Dr. Gupta’s research is focused on the science of autonomy with emphasis on two key areas: Data Analytics and Networked-Intelligent systems. Application examples include complex human-engineered systems such as a network of unmanned vehicles, medical robotics, distributed sensor networks, power grids, aircraft control systems, hybrid vehicles, etc. Some key research areas include machine perception, information fusion, distributed learning, adaptive decision & control in presence of uncertainties, cooperative tasking and adaptive navigation of unmanned vehicles, intelligent sensor networks for Intelligence, Surveillance & Reconnaissance (ISR) operations, and fault diagnosis & prognosis in networked-control systems. In essence, his research is centered around the essential characteristic of cyber-physical systems that links the domain of underlying system dynamics with the domain of information & control.


Krishna Pattipati

Dr. Krishna Pattipati received the B. Tech. degree in electrical engineering with highest honors from the Indian Institute of Technology, Kharagpur, in 1975, and the M.S. and Ph.D. degrees in systems engineering from UConn, Storrs, in 1977 and 1980, respectively. He was with ALPHATECH, Inc., Burlington, MA from 1980 to 1986. He has been with the department of Electrical and Computer Engineering at UConn, where he is currently the Board of Trustees Distinguished Professor and the Chair Professor in Systems Engineering. Dr. Pattipati’s research activities are in the areas of proactive decision support, uncertainty quantification, smart manufacturing, autonomy, knowledge representation, and optimization-based learning and inference. A common theme among these applications is that they are characterized by a great deal of uncertainty, complexity, and computational intractability. He is a cofounder of Qualtech Systems, Inc., a firm specializing in advanced integrated diagnostics software tools (TEAMS, TEAMS-RT, TEAMS-RDS, TEAMATE), and serves on the board of Aptima, Inc.

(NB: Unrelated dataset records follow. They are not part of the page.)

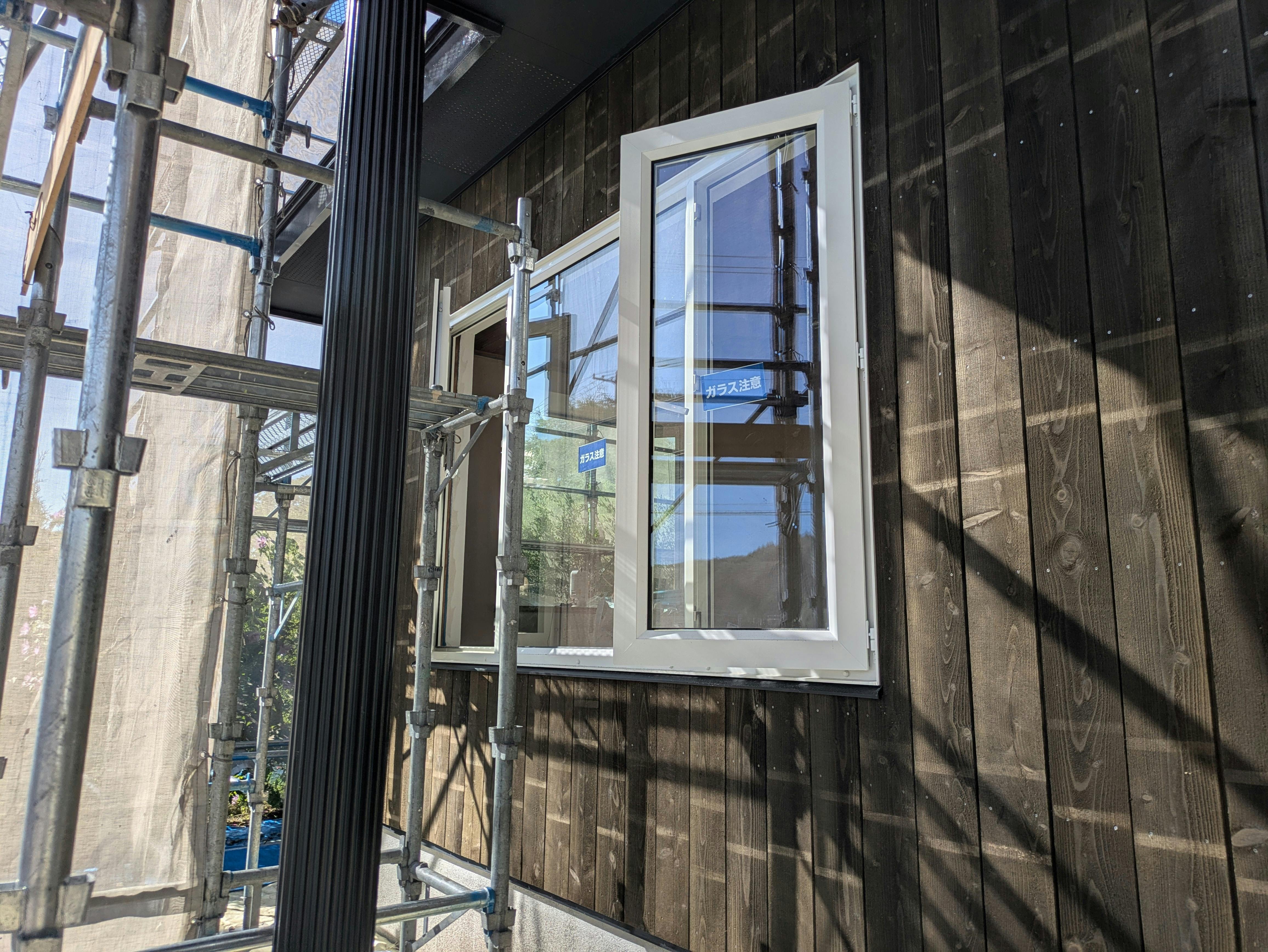 外壁が張り合わると、悪目立ちしてきた窓枠の白サッシ・・・。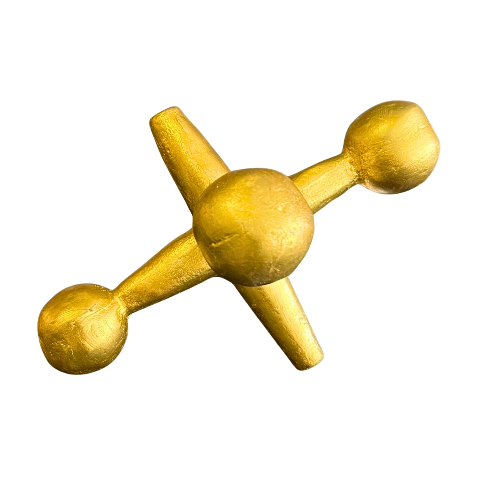 Matatena grande dorada, con textura rugosa y acabado metálico brillante. Perfecta como decoración moderna.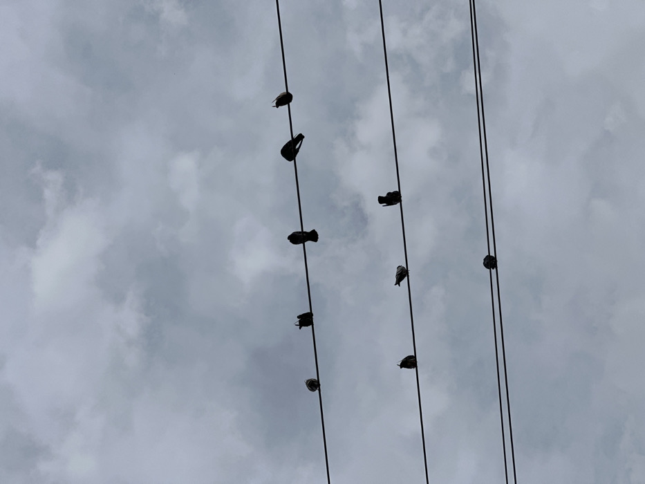 - "The image captures an overhead perspective of three parallel utility wires populated by ten birds, rendered in silhouette against a cloudy, grey sky in Beit Yitshak Sha'ar Hefer, Israel" by FM-RIphO2, licensed under CC BY 4.0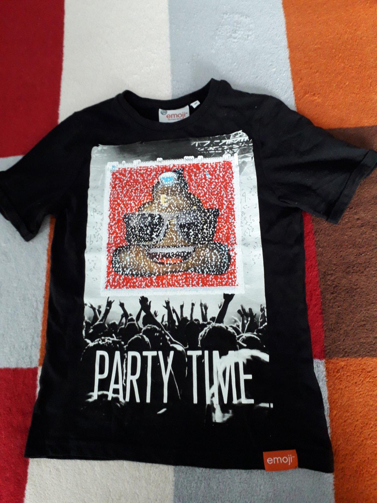 Predám 2x oblečené premieňacie tričko Emoji. Veľ. 128. Vzadu na tricku su male fliaciky hore pri ramene a dolu.Inak krasne.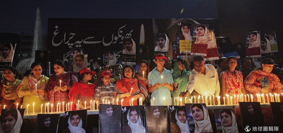 路透社發生槍殺事件後,世界各地都是為她祈福的民眾。照片中是巴基斯坦當地位馬拉拉祈福的民眾。

Dr. Pattipati was selected by the IEEE Systems, Man, and Cybernetics (SMC) Society as the Outstanding Young Engineer of 1984, and received the Centennial Key to the Future award. He has served as the Editor-in-Chief of the IEEE TRANSACTIONS ON SYSTEMS, MAN, AND CYBERNETICS–PART B from 1998 to 2001. He was co-recipient of the Andrew P. Sage Award for the Best SMC Transactions Paper for 1999, the Barry Carlton Award for the Best AES Transactions Paper for 2000, the 2002 and 2008 NASA Space Act Awards for “A Comprehensive Toolset for Model-based Health Monitoring and Diagnosis,” and “Real-time Update of Fault-Test Dependencies of Dynamic Systems: A Comprehensive Toolset for Model-Based Health Monitoring and Diagnostics”, and the 2003 AAUP Research Excellence Award at UCONN. He is an elected Fellow of IEEE and of the Connecticut Academy of Science and Engineering.